Employee BI experiences positively influence organizational performance.
H5.
Employee BI experiences moderate the relationship between business intelligence capabilities and organizational performance.
H6.
Employee BI experiences moderate the relationship between business intelligence infrastructure and organizational performance.
H7.
Employee BI experiences moderate the relationship between collaboration capability and organizational performance.

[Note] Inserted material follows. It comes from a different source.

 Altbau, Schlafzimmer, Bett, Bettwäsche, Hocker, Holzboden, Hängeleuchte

2.5. Dynamic Capacity Theory
The Dynamic Capability (DC) theory was first put forward by Teece and Pisano in 1994 and further extended upon by Teece in 1997 (Teece & Pisano, 1994). DC is founded on previous concepts such as “combinative capabilities” and the concept of “routines” under the evolutionary theory of economic change. It was created to overcome the shortcomings of the resource-based perspective (RBV) and remains an area of investigation alongside RBV in modern strategic management discussions (Eisenhardt & Martin, 2017).
Dynamic capacity theory is mainly focused on an organization’s or business’s capacity to continually and effectively develop internal abilities and assets in order to be successful in the face of rapid environmental changes (Bleady et al., 2018). According to this theory, an organization must be able to restructure, update, and develop its resources in response to market developments. This theory is certainly applicable to the variables in my study, which investigate the impact of business intelligence capabilities, business intelligence infrastructure, and collaboration capability on organizational performance. Business intelligence is frequently seen as a critical tool for improving decision-making and operational procedures.

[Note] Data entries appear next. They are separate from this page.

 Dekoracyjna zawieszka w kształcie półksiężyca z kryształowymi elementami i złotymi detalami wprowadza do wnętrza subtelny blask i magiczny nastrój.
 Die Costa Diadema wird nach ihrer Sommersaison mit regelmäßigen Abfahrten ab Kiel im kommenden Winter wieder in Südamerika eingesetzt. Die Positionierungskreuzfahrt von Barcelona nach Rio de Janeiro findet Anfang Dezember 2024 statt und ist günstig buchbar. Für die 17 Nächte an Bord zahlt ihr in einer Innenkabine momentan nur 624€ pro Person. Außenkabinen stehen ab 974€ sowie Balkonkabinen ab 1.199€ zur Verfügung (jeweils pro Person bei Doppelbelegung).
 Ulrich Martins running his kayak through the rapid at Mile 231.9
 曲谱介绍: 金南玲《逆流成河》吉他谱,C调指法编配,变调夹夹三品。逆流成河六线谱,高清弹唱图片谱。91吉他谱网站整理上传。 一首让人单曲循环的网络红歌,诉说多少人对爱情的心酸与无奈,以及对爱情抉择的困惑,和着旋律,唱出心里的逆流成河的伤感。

In his genuine work, Mintzberg and Bruce (1998) argue that a company’s business capabilities are intrinsically connected to its strategy, illustrating that an authentic, disciplined strategy emerges from the cultivated skills, daily operations, and operational competencies of the organization.

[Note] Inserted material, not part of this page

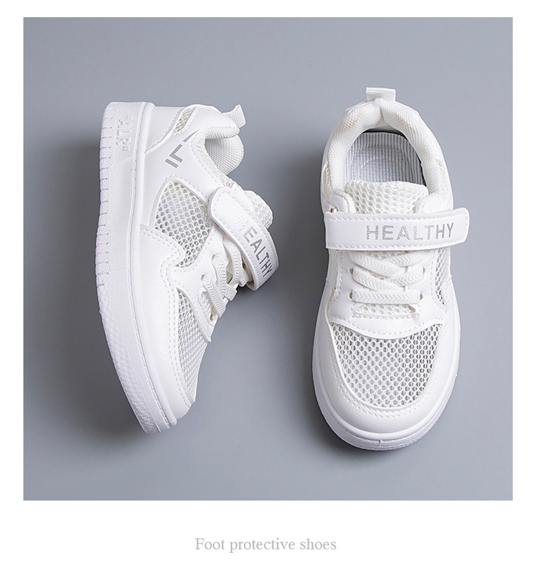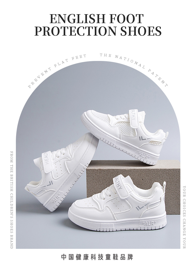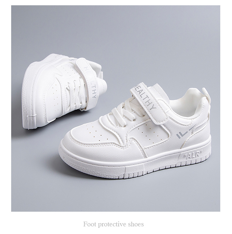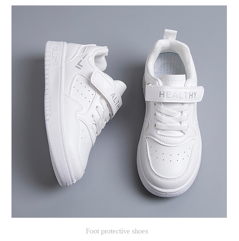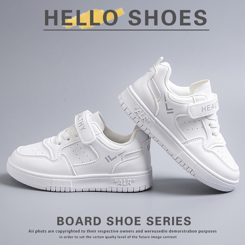 2024 새로운 학교 지정 흰색 신발 소년 소녀 어린이 메쉬 스케이트 신발 어린이 가죽 올 매치 캐주얼
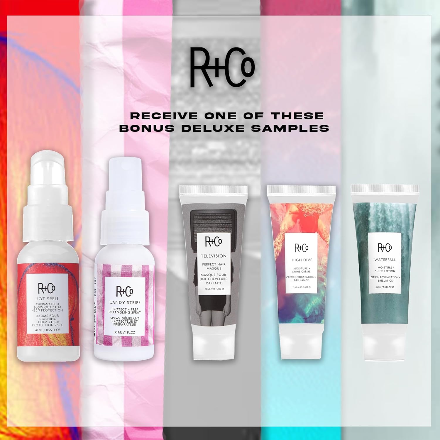 - Includes: R+Co Atlantis Moisturizing B5 Shampoo and Conditioner (1L) + High Dive Creme Sample

The theory improves effectiveness, creativity, and assessment by utilizing dynamic capability principles, including business intelligence competencies. It describes how the integration of human resources, technological advances, and infrastructure affects a business’s stability and productivity. Dynamic capabilities allow businesses to close resource gaps in accordance with management needs. Decision makers and managers utilize these capabilities to reorganize the company’s resource base in accordance with the needs of the environment.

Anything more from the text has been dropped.